DATA PROVIDED ->
== Segment start ==

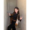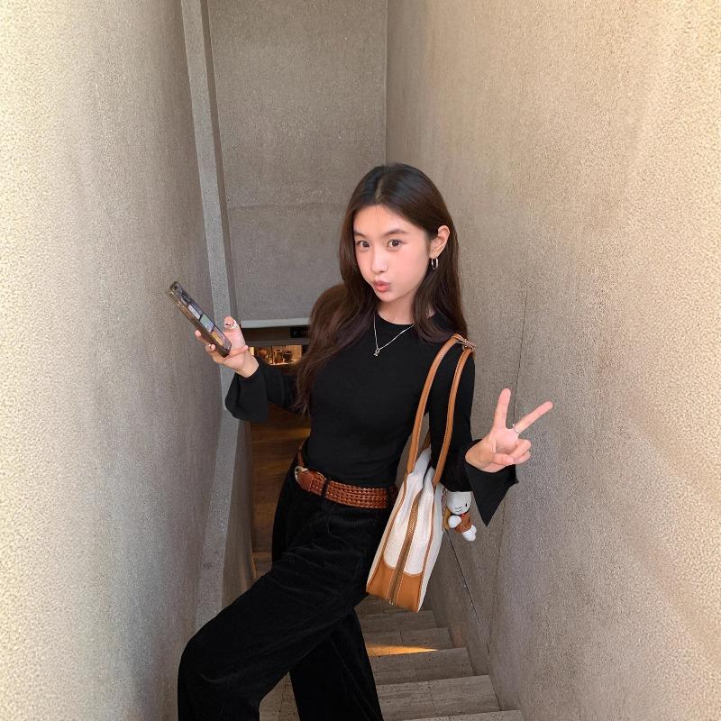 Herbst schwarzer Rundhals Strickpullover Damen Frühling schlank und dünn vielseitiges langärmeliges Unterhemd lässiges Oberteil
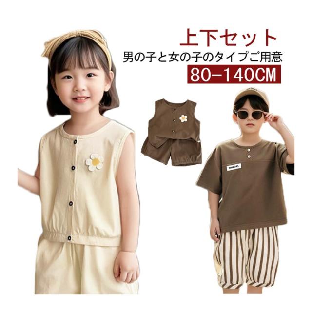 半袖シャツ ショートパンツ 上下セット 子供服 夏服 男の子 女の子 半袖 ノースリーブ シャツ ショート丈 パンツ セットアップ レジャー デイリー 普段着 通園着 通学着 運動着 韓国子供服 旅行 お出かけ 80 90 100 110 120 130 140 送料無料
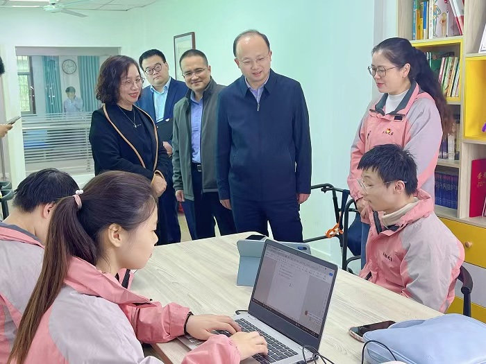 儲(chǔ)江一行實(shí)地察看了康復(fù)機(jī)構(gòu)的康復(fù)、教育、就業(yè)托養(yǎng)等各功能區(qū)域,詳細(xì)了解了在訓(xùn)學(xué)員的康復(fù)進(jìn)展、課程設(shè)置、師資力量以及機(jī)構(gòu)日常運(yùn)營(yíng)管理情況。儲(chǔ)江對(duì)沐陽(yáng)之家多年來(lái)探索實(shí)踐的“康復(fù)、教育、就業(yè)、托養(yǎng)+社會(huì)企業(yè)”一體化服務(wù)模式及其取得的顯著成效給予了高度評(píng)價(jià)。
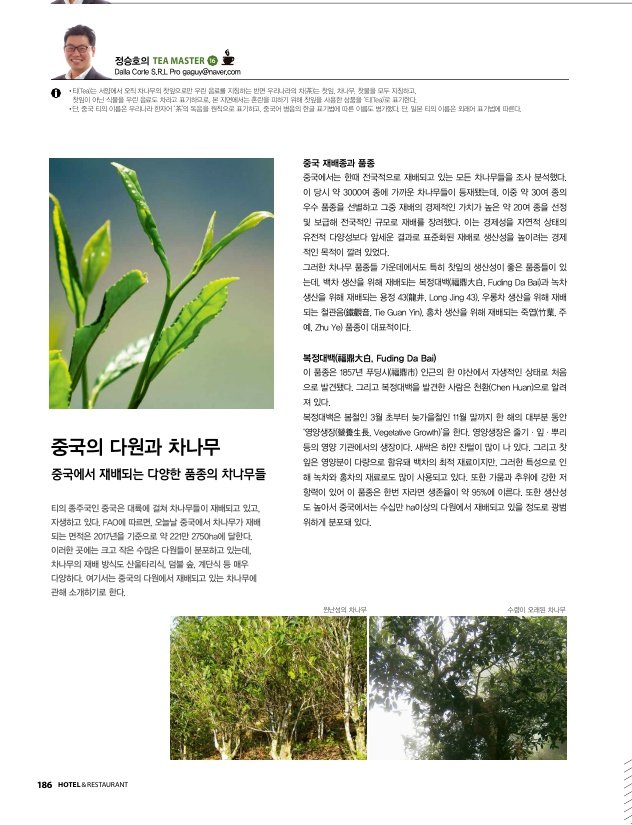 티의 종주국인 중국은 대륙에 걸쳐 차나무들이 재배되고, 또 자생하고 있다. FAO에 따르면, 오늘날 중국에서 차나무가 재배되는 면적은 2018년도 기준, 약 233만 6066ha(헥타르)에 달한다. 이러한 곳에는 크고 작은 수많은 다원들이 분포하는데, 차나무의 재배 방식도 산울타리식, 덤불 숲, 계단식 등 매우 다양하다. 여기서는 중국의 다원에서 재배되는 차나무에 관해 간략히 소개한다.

== Segment end ==

TASK GOAL ->
Everything from the line containing "半袖シャツ ショートパンツ 上下セット" through the last line of the listing above must be output exactly, except the pictures.

ANSWER TO THIS PROBLEM ->
 半袖シャツ ショートパンツ 上下セット 子供服 夏服 男の子 女の子 半袖 ノースリーブ シャツ ショート丈 パンツ セットアップ レジャー デイリー 普段着 通園着 通学着 運動着 韓国子供服 旅行 お出かけ 80 90 100 110 120 130 140 送料無料
 儲(chǔ)江一行實(shí)地察看了康復(fù)機(jī)構(gòu)的康復(fù)、教育、就業(yè)托養(yǎng)等各功能區(qū)域,詳細(xì)了解了在訓(xùn)學(xué)員的康復(fù)進(jìn)展、課程設(shè)置、師資力量以及機(jī)構(gòu)日常運(yùn)營(yíng)管理情況。儲(chǔ)江對(duì)沐陽(yáng)之家多年來(lái)探索實(shí)踐的“康復(fù)、教育、就業(yè)、托養(yǎng)+社會(huì)企業(yè)”一體化服務(wù)模式及其取得的顯著成效給予了高度評(píng)價(jià)。
 티의 종주국인 중국은 대륙에 걸쳐 차나무들이 재배되고, 또 자생하고 있다. FAO에 따르면, 오늘날 중국에서 차나무가 재배되는 면적은 2018년도 기준, 약 233만 6066ha(헥타르)에 달한다. 이러한 곳에는 크고 작은 수많은 다원들이 분포하는데, 차나무의 재배 방식도 산울타리식, 덤불 숲, 계단식 등 매우 다양하다. 여기서는 중국의 다원에서 재배되는 차나무에 관해 간략히 소개한다.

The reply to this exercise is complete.